* [Exercise aim]: Leaving every picture out, please return exactly the lines from the top of the material below through the line with "Mykt og varmt", both included.

* [Supplied information]:

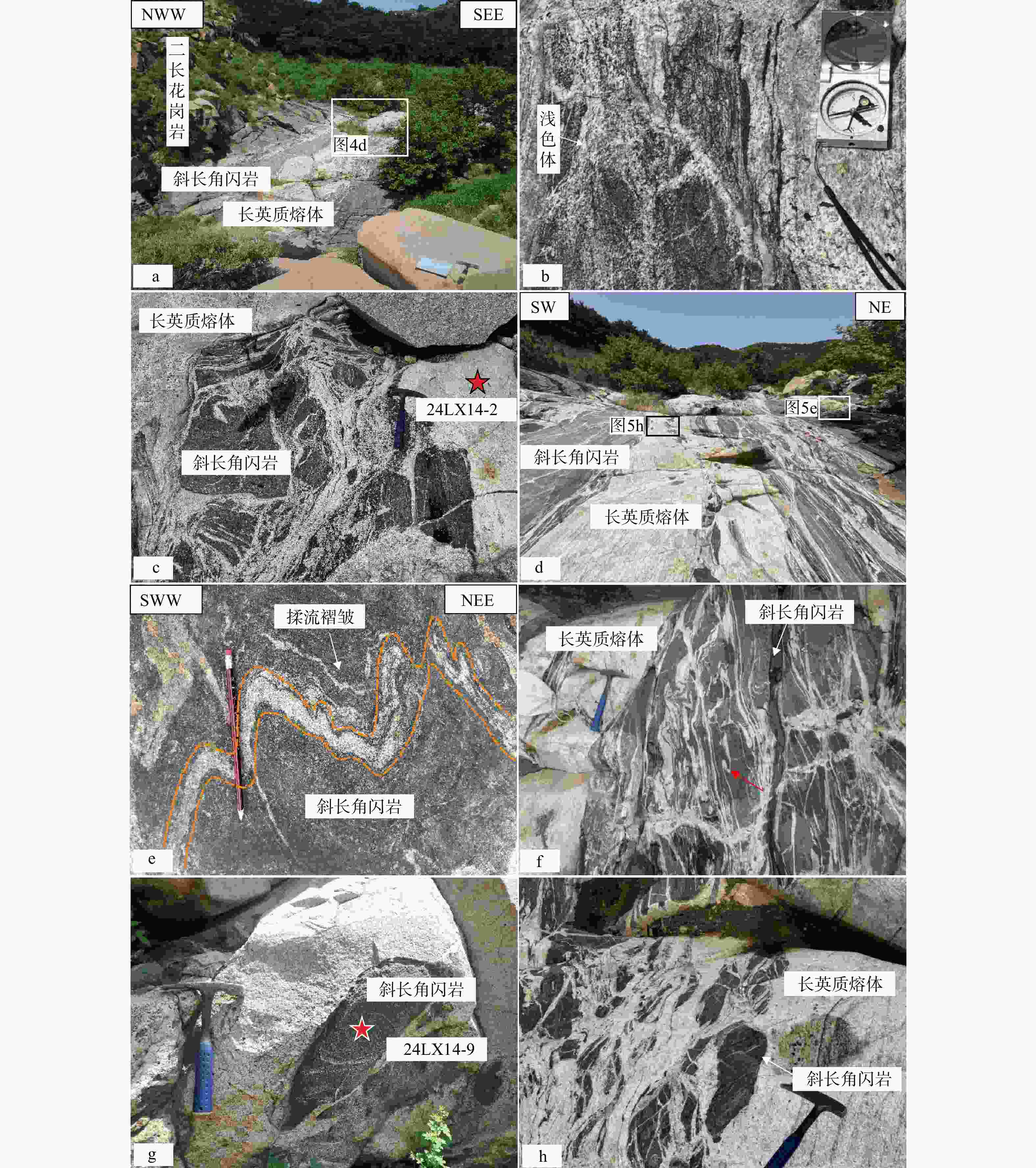 红色五角星为样品24LX14-2和24LX14-9的采样位置;橙色虚线代表揉流褶皱的轮廓线a—黄石崖村沟底露头俯瞰图;b—浅色体呈浸染状产于斜长角闪岩中(俯视);c—浅色体呈相互贯穿的网状构造(俯视);d—浅色体呈条带状产于斜长角闪岩中;e—长英质脉体发育揉流褶皱(俯视);f—脉体褶皱转折端增厚,见红色箭头处(俯视);g—斜长角闪岩包体单个产出;h—斜长角闪岩包体成群产出(俯视)
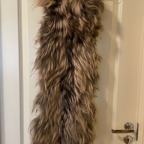 Mykt og varmt plagg som brukes over klær. Praktiske lommer og frynser nederst. Lite brukt og i god stand. Fin som et ekstra lag på kjølige dager.
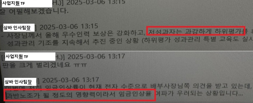 노조에 따르면 사업지원TF는 경쟁사 대비를 이유로 리텐션보너스를 특정 인원에게만 부여하도록 요구했으며 직원들에게 하위고가를 더 부여해 인건비를 절감하도록 지시했다.
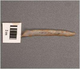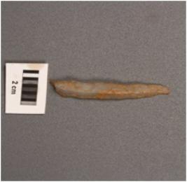 | Description / विवरण | Pen knife chalcedony blade with mid ridge on dorsal side and defused bulb on ventral side along with proximal end, use wear marks on surface. |

* [Answer for this exercise]:
 红色五角星为样品24LX14-2和24LX14-9的采样位置;橙色虚线代表揉流褶皱的轮廓线a—黄石崖村沟底露头俯瞰图;b—浅色体呈浸染状产于斜长角闪岩中(俯视);c—浅色体呈相互贯穿的网状构造(俯视);d—浅色体呈条带状产于斜长角闪岩中;e—长英质脉体发育揉流褶皱(俯视);f—脉体褶皱转折端增厚,见红色箭头处(俯视);g—斜长角闪岩包体单个产出;h—斜长角闪岩包体成群产出(俯视)
 Mykt og varmt plagg som brukes over klær. Praktiske lommer og frynser nederst. Lite brukt og i god stand. Fin som et ekstra lag på kjølige dager.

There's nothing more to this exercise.